▶ [AVAILABLE DATA]:
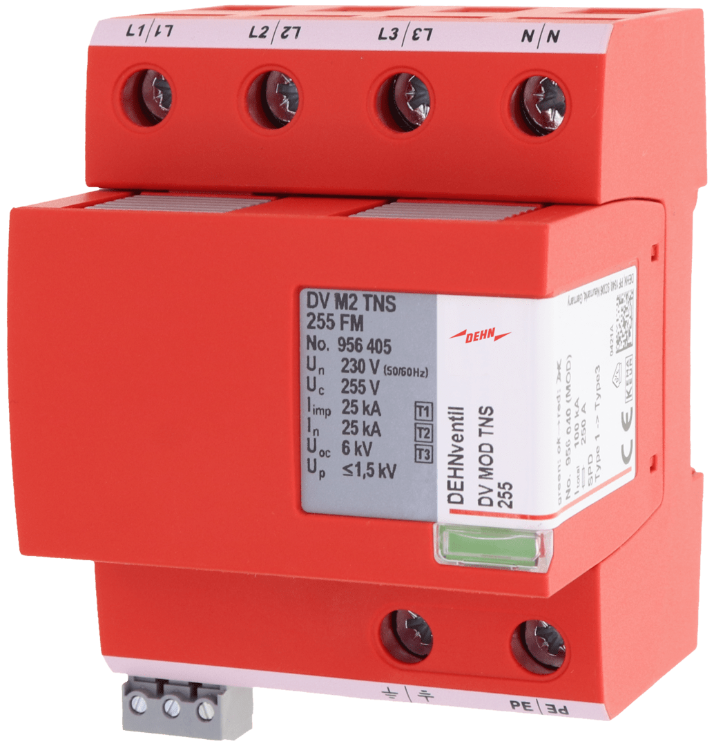 Scaricatore combinato multipolare DEHNventil modular, SPD Tipo 1 + Tipo 2 + Tipo 3 in accordo a EN 61643-11 (CEI EN 61643-11, CEI 37-8) su base spinterometrica, composto da elemento base e un modulo di protezione innestabile.Elevatissima continuita di servizio tramite spinterometri Rapid Arc Control (RAC). Permette la protezione di utenze finali. Per la protezione da sovratensioni di impianti elettrici utilizzatori in bassa tensione, anche in caso di fulminazione diretta. Per l'impiego nel concetto di protezione da fulminazione a zone, ai passaggi 0A - 2.
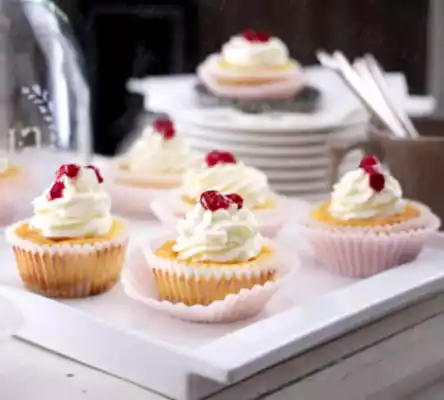 Whip the cream until stiff, while pouring in 1 sachet of vanilla sugar. Pour into a piping bag with a large star-shaped spout. Spray a cream tuff on each tartlet and decorate with cranberries.
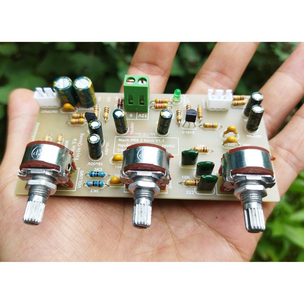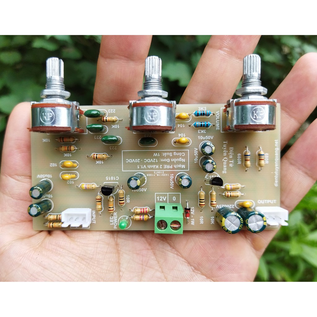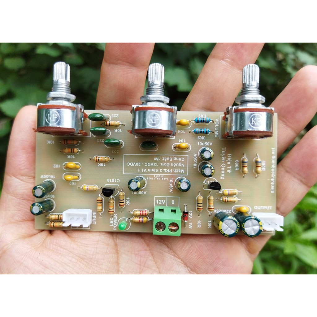 Mạch âm sắc 2 kênh V1 New bản fixMạch âm sắc V1 này là bản fix của mẫu trước, kích thước và điện áp vẫn như nhau tuy nhiên có hệ số khuếch đại lớn 2,5 lần bản cũ và chất âm rất tốt, bass mạnh lực hơn, treble sáng hơn... nghe nhạc trữ tình âm thanh rất tốt so với mạch sử dụng nguồn đơn giá tương tự.
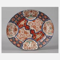 19. Jh., ungemarkt, Porzellan in kobaltblauer Unter- und korallfarbener Aufglasurbemalung sowie Goldstaffage, komplett durchmusterte Platte, brandfleckig, Vergoldung berieben, L 33,5 cm.
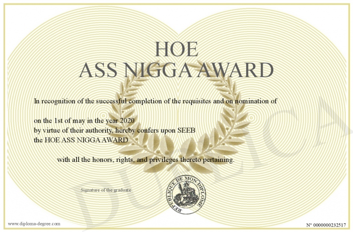 Certificate-degree can have your HOE ASS NIGGA AWARD
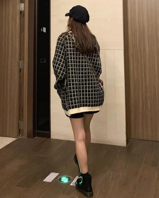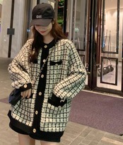 トップス セーター カーディガン ミディアム丈 ニット レトロ チェック柄 AS10001
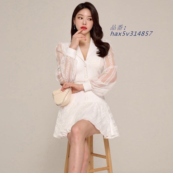 襟付きカシュクール シースルー長袖フ ミニスカートワンピース 白 キャバ スナック セクシー 韓国 ドレス hax 5 v 314857
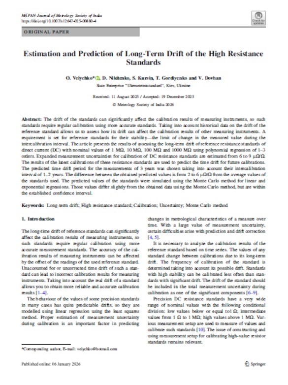 У січні 2026 р. у журналі «MAPAN» (квантиль Q2 у Scopus), який видається у Індії, опублікована стаття «Оцінка та прогнозування довгострокового дрейфу мір великого опору» (Estimation and Prediction of Long-Term Drift of the High Resistance Standards) авторів Олега ВЕЛИЧКА, Дениса НІКІТЕНКА, Сергія КУРСІНА, Тетяни ГОРДІЄНКО і Василя ДОВГАНЯ. Журнал MAPAN присвячений виключно метрології (науковій, промисловій чи юридичній). Він публікує дослідницькі повідомлення або технічні статті, що становлять актуальний інтерес у галузі вимірювальної науки; оригінальні роботи, навчальні посібники або оглядові статті з будь-якої галузі, пов’язаної з метрологією; огляди та аналітичні дослідження з метрології; тематичні дослідження надійності та невизначеності вимірювань; а також звіти та результати порівняльних та кваліфікаційних випробувань.
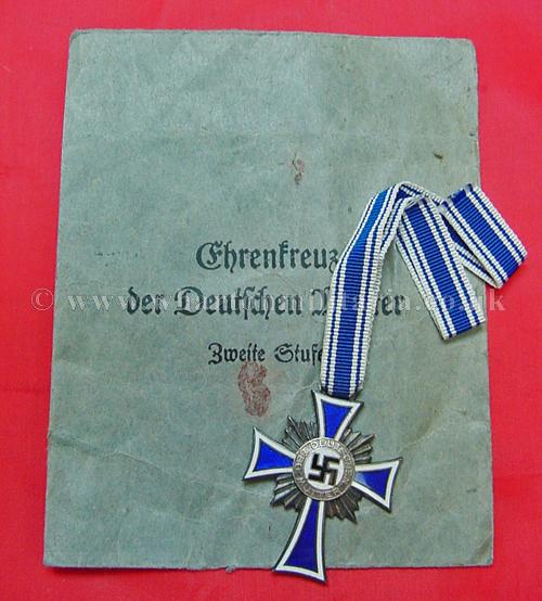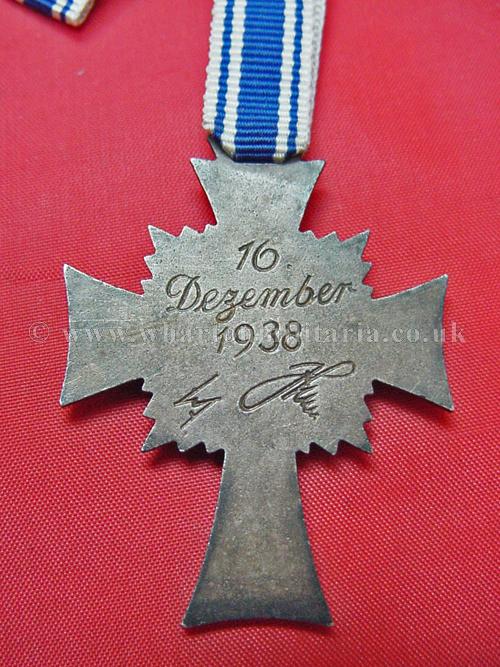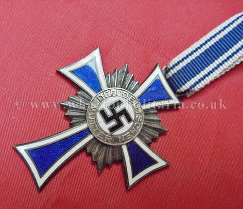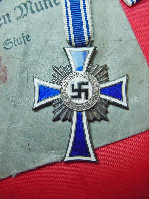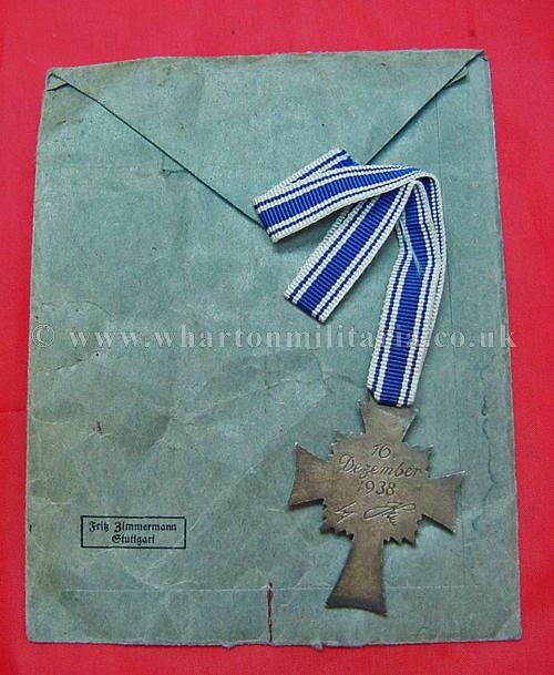 Mothers Cross in silver with ribbon, in unworn condition retaining all silver finish, unworn ribbon, packet maker marked 'Fritz Zimmermann, Stuttgart', a nice example and hard to find in this condition.
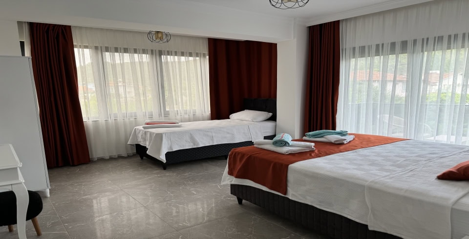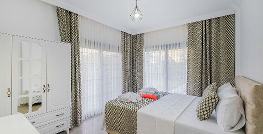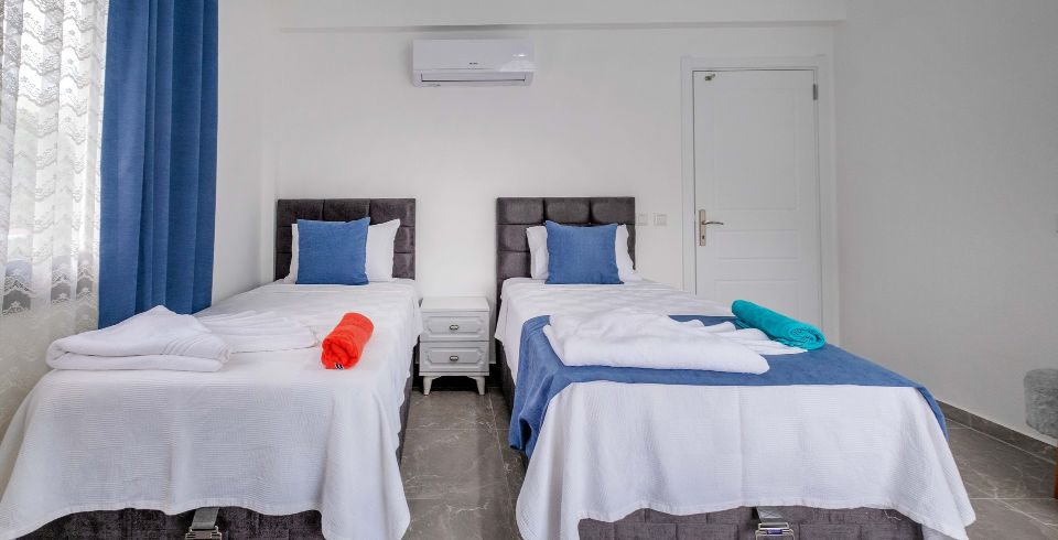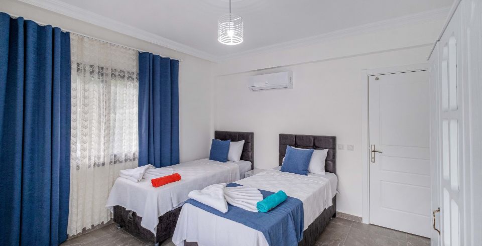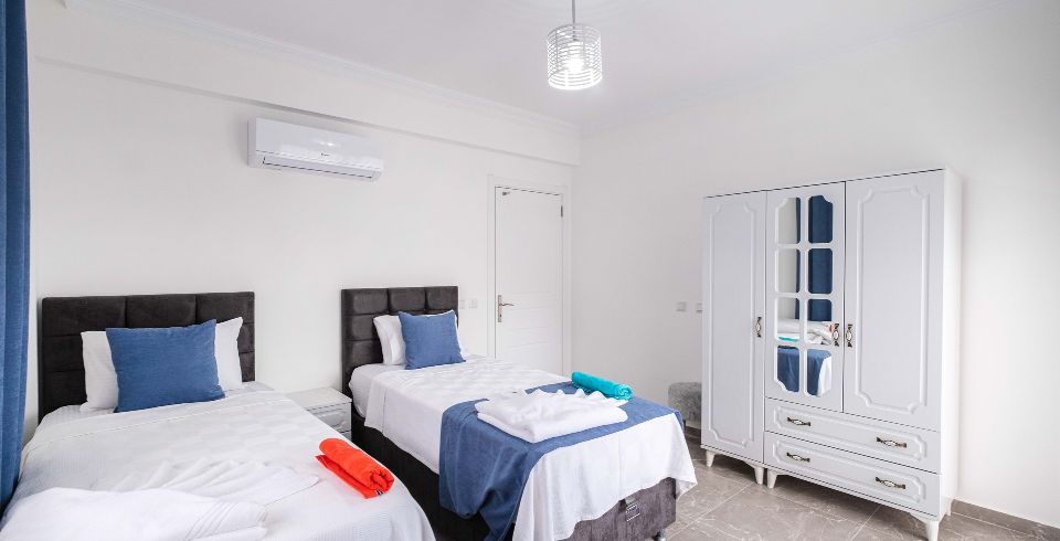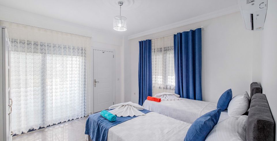 4. Yatak Odası: 2 adet tek kişilik yatak komodin, elbise dolabı, makyaj masası, banyo ve tuvalet bulunmaktadır.
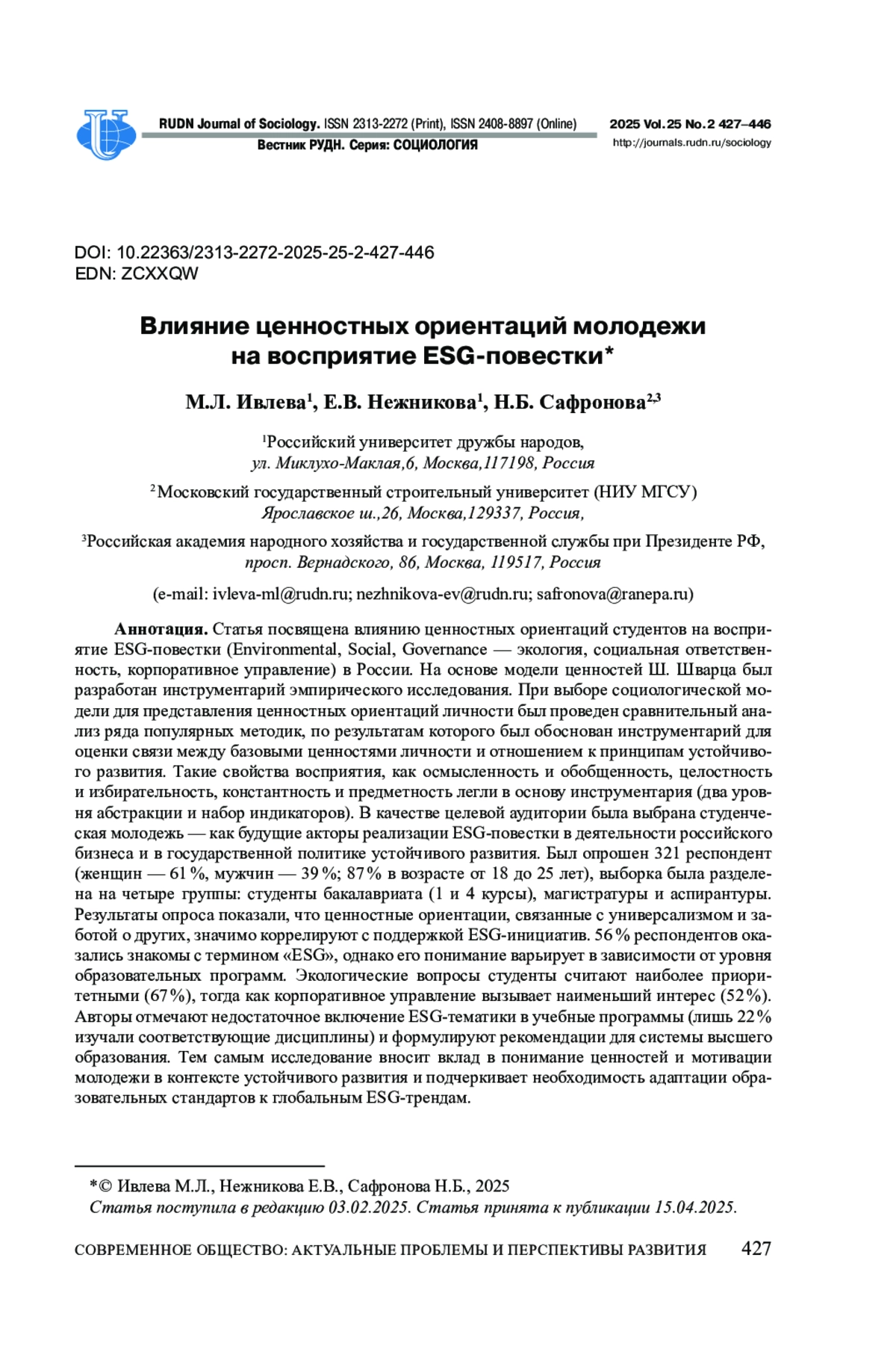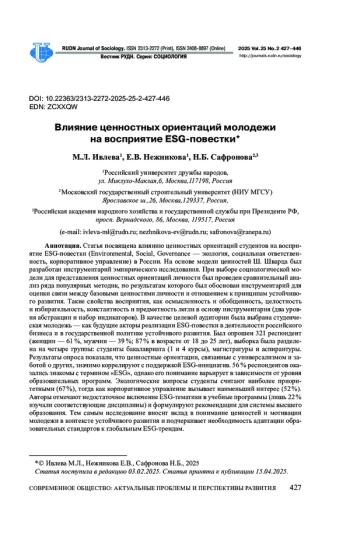 Статья посвящена влиянию ценностных ориентаций студентов на восприятие ESG-повестки (Environmental, Social, Governance - экология, социальная ответственность, корпоративное управление) в России. На основе модели ценностей Ш. Шварца был разработан инструментарий эмпирического исследования. При выборе социологической модели для представления ценностных ориентаций личности был проведен сравнительный анализ ряда популярных методик, по результатам которого был обоснован инструментарий для оценки связи между базовыми ценностями личности и отношением к принципам устойчивого развития. Такие свойства восприятия, как осмысленность и обобщенность, целостность и избирательность, константность и предметность легли в основу инструментария (два уровня абстракции и набор индикаторов). В качестве целевой аудитории была выбрана студенческая молодежь - как будущие акторы реализации ESG-повестки в деятельности российского бизнеса и в государственной политике устойчивого развития. Был опрошен 321 респондент (женщин - 61 %, мужчин - 39 %; 87 % в возрасте от 18 до 25 лет), выборка была разделена на четыре группы: студенты бакалавриата (1 и 4 курсы), магистратуры и аспирантуры. Результаты опроса показали, что ценностные ориентации, связанные с универсализмом и заботой о других, значимо коррелируют с поддержкой ESG-инициатив. 56 % респондентов оказались знакомы с термином «ESG», однако его понимание варьирует в зависимости от уровня образовательных программ. Экологические вопросы студенты считают наиболее приоритетными (67 %), тогда как корпоративное управление вызывает наименьший интерес (52 %). Авторы отмечают недостаточное включение ESG-тематики в учебные программы (лишь 22 % изучали соответствующие дисциплины) и формулируют рекомендации для системы высшего образования. Тем самым исследование вносит вклад в понимание ценностей и мотивации молодежи в контексте устойчивого развития и подчеркивает необходимость адаптации образовательных стандартов к глобальным ESG-трендам.
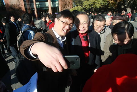 工物系1954级校友、北京外国语大学原党委书记曹小先(女)与谭浩强等校友交谈。
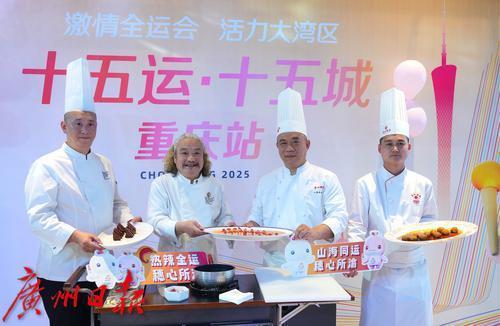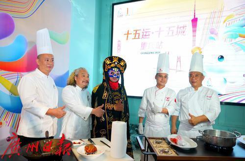 重庆站活动以"美食"为媒,打造体育精神与城市特色的创新表达。重庆厨界大饭店名厨刘波平现场演绎麻辣鲜香的渝派绝技,广州酒家团队则携"食在广州"的精致匠心亮相。
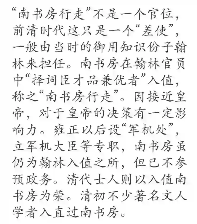 这个南书房行走,侯世达教授翻译成 South Study special aide,实际上他想了很长时间才想清楚怎么翻译,还问了一下他的夫人。侯世达教授的夫人是中国背景,教授跟他的夫人说把 “行走” 翻译成 “信使” 可不可以,夫人说看不懂,于是他就使用谷歌搜索引擎来进行了一下搜索,又搜索南书房行走这 5 个字,最后出现了一个由人写作的网页,这才解决了侯世达先生的一个疑问。
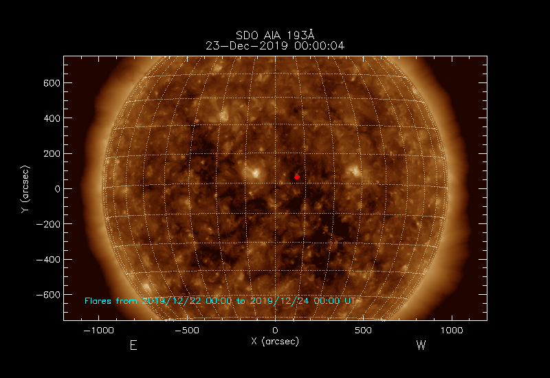The most recent flares (≤12 hours) are shown as red dots, 12-24 hours ago as blue dots and older ones as turquoise dots.

▶ [TASK REQUIREMENTS]: Only the lines from the one with "工物系1954级校友、北京外国语大学原党委书记曹小先(女)与谭浩强等校友交谈。" through the final line of the data should be written out, exactly and including both ends. Skip the pictures.

▶ [EXERCISE SOLUTION]:
 工物系1954级校友、北京外国语大学原党委书记曹小先(女)与谭浩强等校友交谈。
 重庆站活动以"美食"为媒,打造体育精神与城市特色的创新表达。重庆厨界大饭店名厨刘波平现场演绎麻辣鲜香的渝派绝技,广州酒家团队则携"食在广州"的精致匠心亮相。
 这个南书房行走,侯世达教授翻译成 South Study special aide,实际上他想了很长时间才想清楚怎么翻译,还问了一下他的夫人。侯世达教授的夫人是中国背景,教授跟他的夫人说把 “行走” 翻译成 “信使” 可不可以,夫人说看不懂,于是他就使用谷歌搜索引擎来进行了一下搜索,又搜索南书房行走这 5 个字,最后出现了一个由人写作的网页,这才解决了侯世达先生的一个疑问。
The most recent flares (≤12 hours) are shown as red dots, 12-24 hours ago as blue dots and older ones as turquoise dots.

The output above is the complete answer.